• [WHAT THIS TASK INVOLVES]: Skip the pictures. Output only the lines below starting at the line with "A KATHOLIKUS NEPSZÖVETSÉG" and ending at the line with "Oversiktsperspektiv mot sørøst", both ends included, exactly as they are.

• [DATA SHOWN]:
=== Begin Enclosure ===

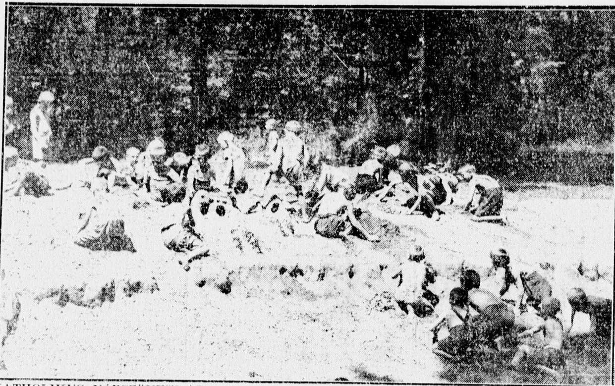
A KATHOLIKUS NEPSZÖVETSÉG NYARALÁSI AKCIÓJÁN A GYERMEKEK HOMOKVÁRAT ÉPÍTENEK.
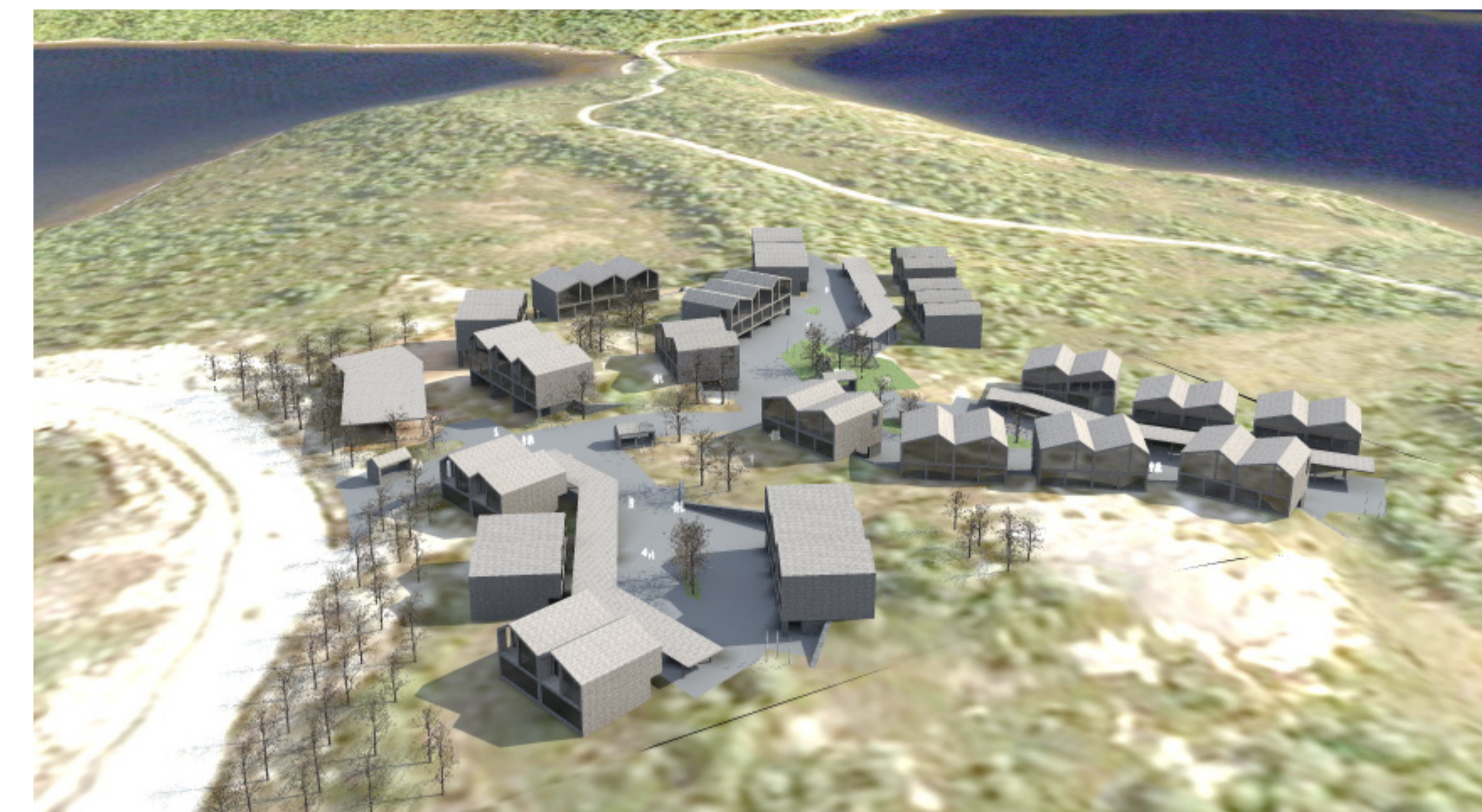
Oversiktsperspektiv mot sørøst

=== End Enclosure ===
=== Begin Enclosure ===

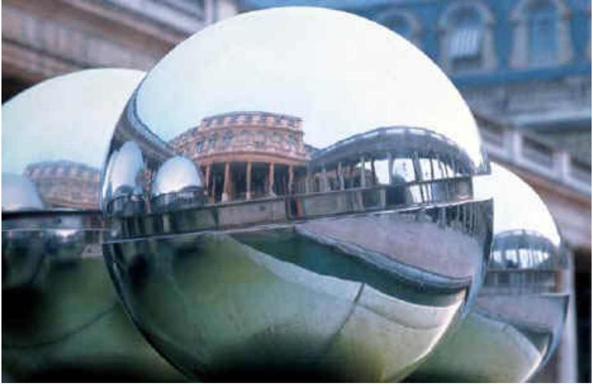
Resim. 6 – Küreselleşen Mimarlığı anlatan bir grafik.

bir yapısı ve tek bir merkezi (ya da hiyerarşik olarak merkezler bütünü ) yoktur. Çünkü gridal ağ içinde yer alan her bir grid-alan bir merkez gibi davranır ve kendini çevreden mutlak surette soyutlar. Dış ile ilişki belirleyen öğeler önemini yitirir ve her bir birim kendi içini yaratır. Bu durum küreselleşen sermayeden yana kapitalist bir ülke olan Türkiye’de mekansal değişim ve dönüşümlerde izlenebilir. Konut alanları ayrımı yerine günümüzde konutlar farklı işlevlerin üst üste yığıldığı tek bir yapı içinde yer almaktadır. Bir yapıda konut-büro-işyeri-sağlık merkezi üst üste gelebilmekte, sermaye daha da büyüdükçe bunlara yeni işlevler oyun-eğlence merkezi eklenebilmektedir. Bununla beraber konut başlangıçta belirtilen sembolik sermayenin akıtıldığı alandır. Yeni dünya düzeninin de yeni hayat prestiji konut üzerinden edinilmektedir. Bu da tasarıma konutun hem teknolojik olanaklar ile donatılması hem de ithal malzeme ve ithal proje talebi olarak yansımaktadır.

=== End Enclosure ===

• [EXERCISE RESULT]:
A KATHOLIKUS NEPSZÖVETSÉG NYARALÁSI AKCIÓJÁN A GYERMEKEK HOMOKVÁRAT ÉPÍTENEK.
Oversiktsperspektiv mot sørøst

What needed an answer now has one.